← Back to Projects

Agentic Data Analyst

Planned

An AI agent that accepts natural language questions about a dataset and autonomously writes SQL queries, runs pandas operations, generates charts, and explains the results. Built with LangGraph and Streamlit.

PythonLangGraphLangChainOpenAISQLiteStreamlit

Overview

An AI agent that bridges natural language and data — ask a question in plain English, get back SQL results, visualizations, and explanations.

Problem

Querying data requires knowing SQL or pandas.

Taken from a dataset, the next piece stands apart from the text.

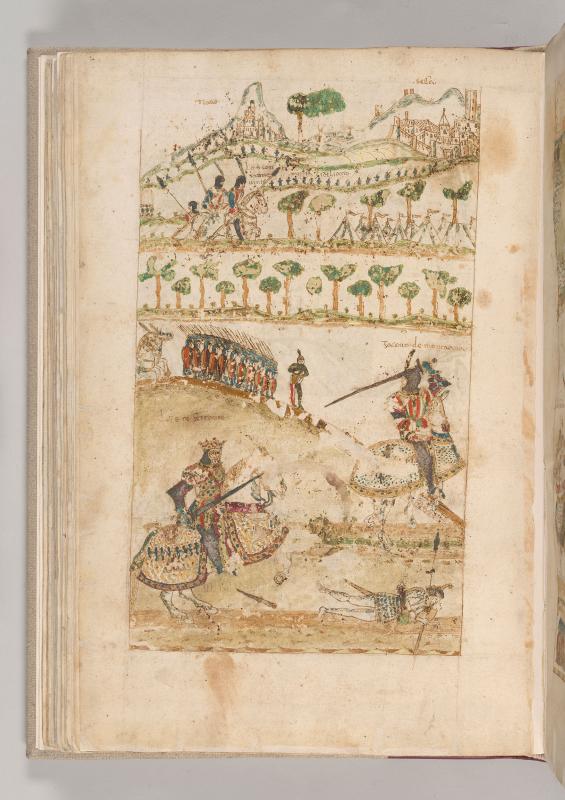 Cronaca della Napoli Aragonese: Scene, Ferdinand of Naples fighting Giacomo di Montagano -- In foreground, Ferdinand, inscribed LO S(IGNOR) RE FERRANTE, crowned, wearing armor holding sword with right hand is astride rearing, caparisoned, horse pursuing Giacomo di Montagano, inscribed IACOUO DE MONTAGNA, wearing helmet and armor, raising sword with left hand, astride caparisoned horse. Soldier, shield at left shoulder, holding or transfixed by spear, sword at waist, reclines on ground between them near dagger.

This project removes that barrier by letting an LLM decide how to answer a question, using tools to retrieve and visualize the data.

Approach

LangGraph ReAct agent with three tools: SQL query execution, pandas operations, and chart generation. The agent first fetches the schema, then plans and executes its approach, then explains the result. Streamlit provides the chat interface.

Tech Stack

  • LangGraph — agent state machine orchestration
  • LangChain — tool definitions and LLM binding
  • OpenAI gpt-4o-mini — language model
  • SQLite — data store (from Project 1)
  • Streamlit — chat UI

Key Decisions

  • LangGraph over plain chains because agents that use tools need explicit state and conditional routing — not a linear pipeline
  • Tool-level validation restricts SQL to SELECT only — the agent can’t modify data
  • Schema fetch as the first tool call ensures the agent always knows the data structure before writing queries

What I’d Do Differently

Add LangGraph’s MemorySaver checkpointer for persistent conversation memory across sessions, so the agent remembers what was discussed earlier in the conversation.